WebKB-2 maintains links between the links between each category and its creator and names, and conversely. This permits the use of names instead of identifiers within statements as long as there is no ambiguity. Relation signatures are exploited to eliminate candidate categories. (For example, ``flight'' is a name currently shared by 9 categories: 4 representing processes, 3 representing collections, 1 representing a psychological feature, and 1 representing a physical entity (``flight of stairs''). If a concept node is about a ``flight'' and is the destination of a relation with type pm#on_location, given the signature associated to pm#on_location, only one sense of ``flight'' is relevant, the one representing the physical entity ``flight of stairs''). If there is more than one candidate for a category, the parsing stops and the list of candidates is printed to help the user refine the statement. For a query graph, there is no harm in making this choice automatically and allowing the user to refine the query when an incorrect category has been selected. For improved readability, we often use names instead of category identifiers in the example graphs of this article.
A problem that prevents this facility to be adopted within RDF documents on the Web is that the RDF schemas they import may change (new names may be added to categories) and hence ambiguities may appear.
Within a KB that integrates a natural language ontology, this facility is particularly useful to accelerate the writing of knowledge.
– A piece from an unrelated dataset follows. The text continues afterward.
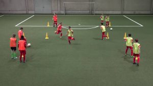 練習の効果 ボールコントロール ポジショニング プレッシング 練習手順 マーカーで15m×20m程度のグリッドを作ります 2人のサーバーは短い辺のグリッドに立ちます 残りの4人は2チームに分かれてグリッドの中…

Links from a natural language ontology such as WordNet form the backbone of a large shared KB. Such links permit WebKB-2 to relate, compare and retrieve knowledge representations. They also provide the user with various categories (meanings) for a word, and various distinctions for a notion, many of which she may not have considered. This leads the user to enter more precise and comparable representations. The semantic constraints associated with the top level categories of the ontology are inherited by all the categories of the natural language ontology, and this permits some automatic checking on all users' statements and extensions to the ontology.
We initialized the current KB of WebKB-2 with the
content of the lexical database WordNet 1.7:
108,000 nouns and 74,500 categories referred by nouns
(in accordance with our lexical conventions, we ignored information regarding
verbs, adverbs and adjectives). Various kinds of links connect these categories:
specialization
, exclusion
, similar
,
member
, part
, substance
, and their
inverse links.
We distinguished the Wordnet specialization
links into
subtype
links and instance
links, and made a few other
structural corrections.
According to [Berners-Lee, 1998b] ``many KR systems had a problem merging or interrelating two separate knowledge bases, as the model was that any concept had one and only one place in a tree of knowledge ... The RDF world, by contrast is designed for this in mind, ...''. Although RDF schemas may import other RDF schemas and RDF documents may import various RDF schemas, in order to compare two statements from different RDF documents, an RDF engine has to classify the categories used in these statements into a unique specialization hierarchy (which is not simply a tree since a category may have several parents). This is most often impossible (unless the two documents mostly re-use the same schemas) because of the disconnected specialization hierarchies (and hence insufficient information to compare the categories and statements). What are currently called ``ontology-merging techniques'' are only semi-automatic algorithms heuristically matching categories based on their names, links to other categories (as in Chimaera), and sometimes other properties such as their frequency of occurrence in documents [Stumme, 2001].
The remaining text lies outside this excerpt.